To assess compatibility for an EHR system, one must see how it matches up with the healthcare environment, database, and devices in use.
Environment compatibility testing
The combination of hardware, operating systems, software and browsers within the organization creates a unique environment for EHR testing. Testing specialists will evaluate EHR performance in the given circumstances, offering possible changes for smoother implementation, if needed.
As hardware architecture can influence EHR performance, the testers will use multiple hardware configurations to assess the system compatibility in each case.
EHR is tested against the operating systems in the healthcare organization, for example, Windows, macOS, Linux, and others.
Network and server
This part is highly variable because the testing requires checking EHR compatibility to a set of hardware platforms, web servers and applications servers within the healthcare organization. Some examples include Lenovo ThinkServer, Microsoft ISA Server, Dell PowerEdge, HP ProLiant, Windows Server, SonicWall and more.
EHRs have to communicate with all other patient-related systems. That’s why environment compatibility testing should establish if the EHR easily synchronizes with department-specific systems and any other software that the EHR is expected to interact with.
Especially important for cloud EHRs, cross-browser compatibility testing includes verification of user experience (UX) consistency and checking if the full system functionality is available for users across various browsers.
Database compatibility testing
Every EHR generates massive amounts of information about every patient.

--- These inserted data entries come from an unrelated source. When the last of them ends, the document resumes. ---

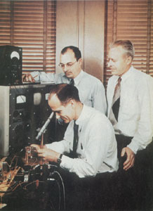 Вильям Шокли начал мечтать о полупроводниковом усилителе десятилетием раньше, но ему ничего не удавалось сделать до тех пор, пока в 1945 году в лабораторию Белла не пришел блестящий теоретик Джон Бардин. Он вначале сидел в одной комнате с не менее блестящим экспериментатором Уолтером Браттейном, занимающимся полупроводниками аж с 1930 года. Будучи полной противоположностью друг другу по склонностям и темпераменту, они сдружились на почве общего дела и частой игры в гольф. Именно их совместная работа в подразделении Шокли и привела к открытию.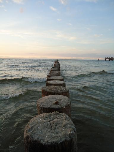 Keywords: beach sea holiday coast water sunset northern germany baltic sea rest landscape wood piles
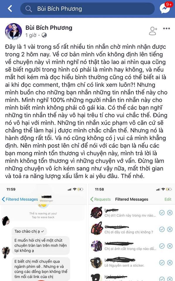 “Về cơ bản mình vốn không định lên tiếng về chuyện này vì mình nghĩ nó thật tào lao ai nhìn qua cũng sẽ biết người trong hình có phải là mình hay không, và nếu mắt hơi kém mà đọc hiểu bình thường cũng có thể biết ai là ai khi đọc comment, thậm chí có link xem luôn! Mình nghĩ 100% những người nhắn tin nhắn này biết mình không phải cô gái kia. Nó vô hại với mình. Những tin nhắn xúc phạm vô căn cứ sẽ chẳng thể làm hại gì được mình nhưng nó là hành động rất tồi và cũng không có gì vui cả", Bích Phương nói.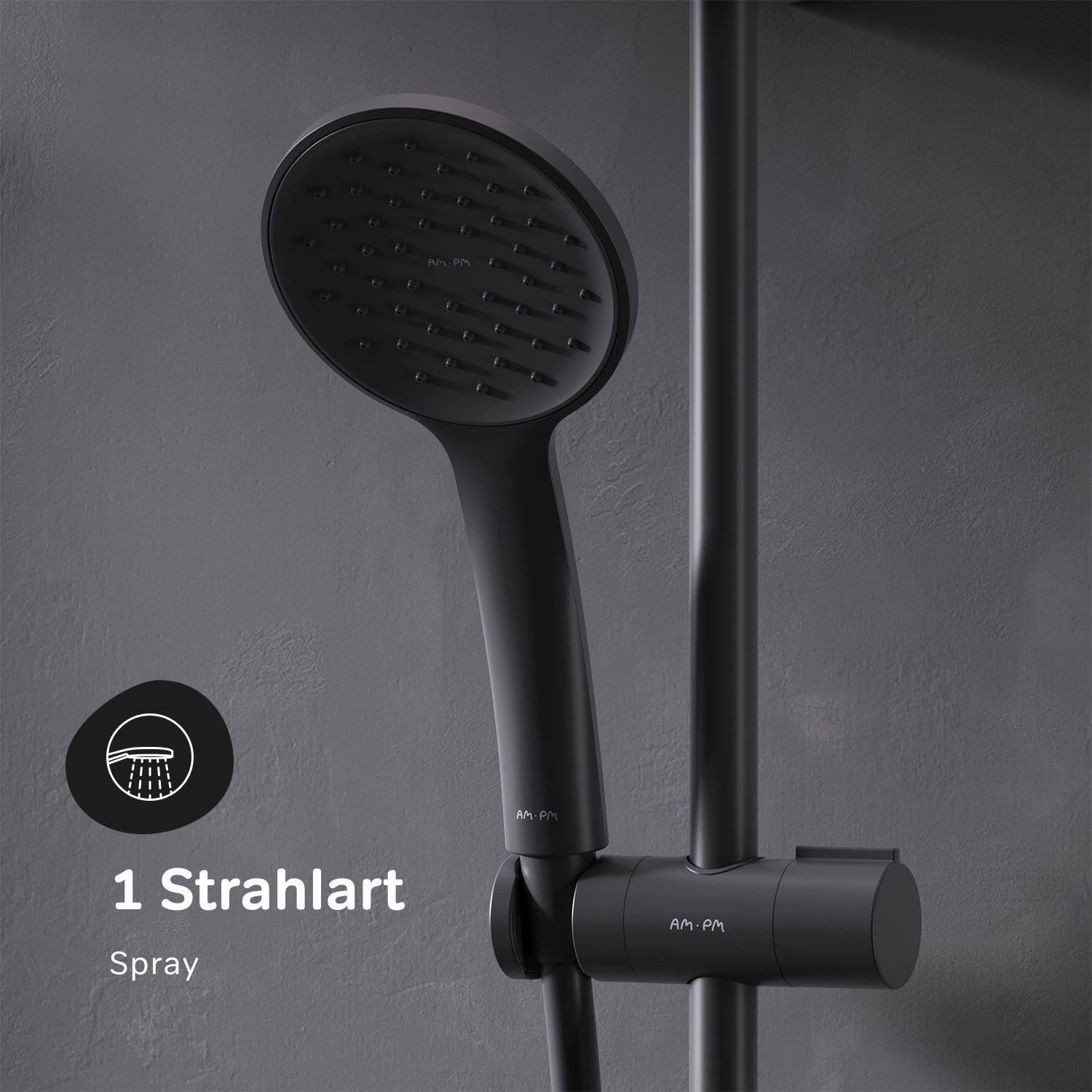 L'ensemble de douche AM. PM noir mat est un système de douche élégant et moderne sans robinet. Doté d'une pomme de douche effet pluie et d'une douchette à main, il offre une expérience de douche luxueuse. La douche de tête ronde crée un agréable effet pluie, tandis que la douchette à main offre une grande flexibilité. La colonne de douche associe harmonieusement ces éléments et s'intègre avec élégance à toute salle de bains. Sa finition mate confère à l'ensemble une touche de sophistication et s'intègre à divers styles d'intérieur. Des matériaux de haute qualité et un design raffiné garantissent durabilité et facilité d'utilisation. Cet ensemble de douche est le choix idéal pour ceux qui recherchent l'alliance de la fonctionnalité et de l'esthétique.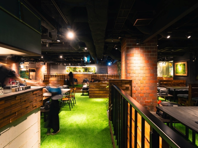 名古屋の栄駅から徒歩30秒という抜群のアクセスを誇る「ウッドデザインパーク栄」は、非日常感あふれる室内BBQ体験を提供するユニークな会場です。黒や茶色を基調とした落ち着いた大人の雰囲気と、木材の温かみが融合した空間は、特別なパーティーを演出します。壁のない大空間は最大120名様まで貸切可能で、着席80名、立食100名まで対応。主役が映えるステージ席はどこからでも見渡せ、一体感のあるイベントが実現します。ソファ席も豊富で、長時間の利用も快適。自社特製のハンドメイド照明やジャングルを思わせる装飾が、参加者を非日常へと誘います。企業様の懇親会、結婚式の二次会、新忘年会など、幅広い用途で利用実績があり、幹事様の早入り準備、景品の事前預かり、マイク・プロジェクターの無料貸し出しなど、きめ細やかなサポートも魅力。下見や打ち合わせも可能で、安心して当日を迎えられます。普段とは一味違う、記憶に残るイベント開催に最適な空間です。

To ensure uninterrupted data flow from the EHR to the database and related systems, it is absolutely critical to conduct thorough database compatibility testing. It helps to ensure that the EHR maintains performance consistency, speed, and reliability when exchanging information with the specific database, such as SQL Server, Oracle, MySQL, or DB2. In particular, data entry, data extraction, data formatting, reporting, data migration, and other processes can be checked for compatibility.
Device compatibility testing
Not all EHRs are created equal, and the same can be said about healthcare organizations and their device architectures. While at larger practices the system can connect with a plethora of specialized applications for particular departments, smaller practices might need the EHR to connect to certain devices directly, for example:
- IoT devices. Smart thermometers, scales, pressure cuffs, etc.

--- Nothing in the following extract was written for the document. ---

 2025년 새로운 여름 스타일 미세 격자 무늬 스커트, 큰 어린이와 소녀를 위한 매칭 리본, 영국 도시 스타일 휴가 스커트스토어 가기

- Medical image scanners. X-ray, CT, PET, MRI, ECG, Ultrasound, etc.
- Smartphones and tablets. Android, iOS, Blackberry, Symbian, etc.
Here, compatibility testing makes sure that the interaction between the EHR and devices will be seamless, allowing the medical specialists to access the needed patient information in one place.

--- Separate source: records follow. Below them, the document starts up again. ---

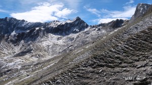 Partis en direction ESE, devons trouver une pierre, plantée verticalement par les bergers, où nous prendrons la direction SO pour rejoindre le bas du Clot des Margalidesᵗ. Cap vers les formidables pentes calcaires de la crête de la Latte de Bazen. Le Clot, replat d’altitude à 2000, les longe sur 7 à 800 m avant d’avoir à s’élever, au fond du Clot, pour chercher une direction plein sud qui laisse sur la droite la brèche Esquerra, puis le pic Esquerra, pour rejoindre la passe de Bourroux. Un peu de neige depuis le fond du Clot. Juste un saupoudrage précurseur qui disparait, sous nos pieds, une fois franchie la passe orientée Sud.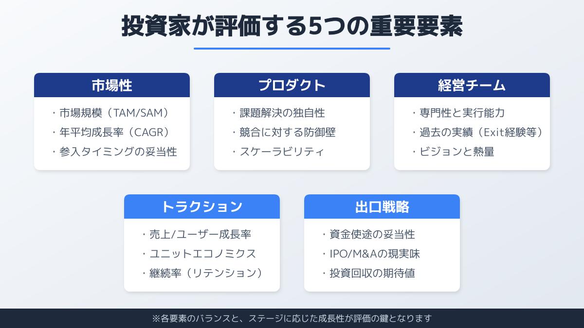 資金調達 において、投資家がどのような基準で企業を評価しているかを把握することは成功への第一歩です。特に創業初期のスタートアップでは、事業計画以上に「誰が実行するのか」が厳しく問われます。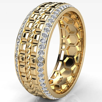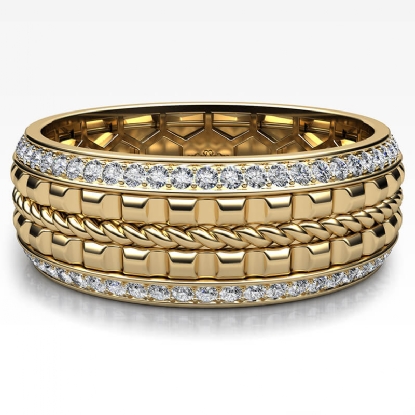This striking designer center rope round diamond eternity men's wedding band handmade in 18k Gold Yellow. Features rope along the center in white gold and gold bar pattern on sides of the ring in yellow gold, with round diamonds in a micro-pave setting on edges. Also available in 14k & 18k white gold, yellow gold, rose gold, two-tone gold and platinum 950. If you don't find your desired jewelry, please don't hesitate to contact our designer to make your custom jewelry design. (1.25Ct. tw.)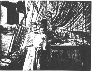 Captain Wallace and Emma Van Dyke became parents of a baby girl they named Florence on November 28, 1897. She was born in Chicago, Illinois. Below is a photo taken on the "LETTIE MAY" of this proud family. You can see little Florence's diapers hanging on the rigging. Captain Wallace is standing so that it will not be noticed that his right arm is missing.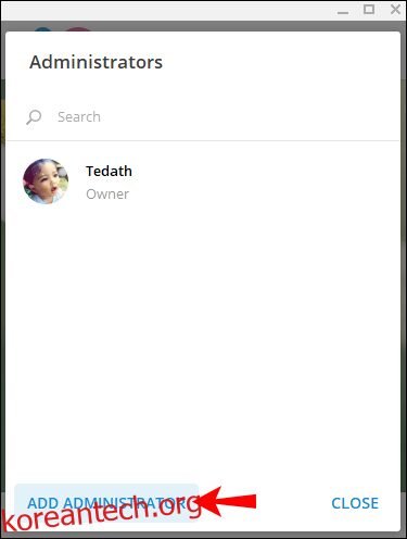 - 왼쪽 하단 모서리에 있는 “관리자 추가” 버튼을 클릭합니다. 구성원 목록에서 봇을 선택합니다.

Compatibility testing pays off
While the software for creating electronic patient records evolves, most healthcare organizations still struggle with their EHR systems.
One of the reasons is strictly technological. The lack of preliminary testing of how the new software fits the healthcare organization’s IT infrastructure can bring about lagging, irregular connectivity, and poor care coordination.
As the survey shows, health specialists aren’t happy using a clogged system and working extra hours just to make sure patient records are comprehensive. This can make them prone to burnouts and mistakes. At the same time, organizations can find the way out of this vicious loop through timely EHR compatibility testing to fix interoperability gaps before the system is deployed.
Even if the EHR is already up and running, though, testing can be useful for finding bottlenecks in current processes and patching them up. While not an ideal scenario, on-the-go testing still can combat performance-draining issues, reducing the risk of low-quality care delivery.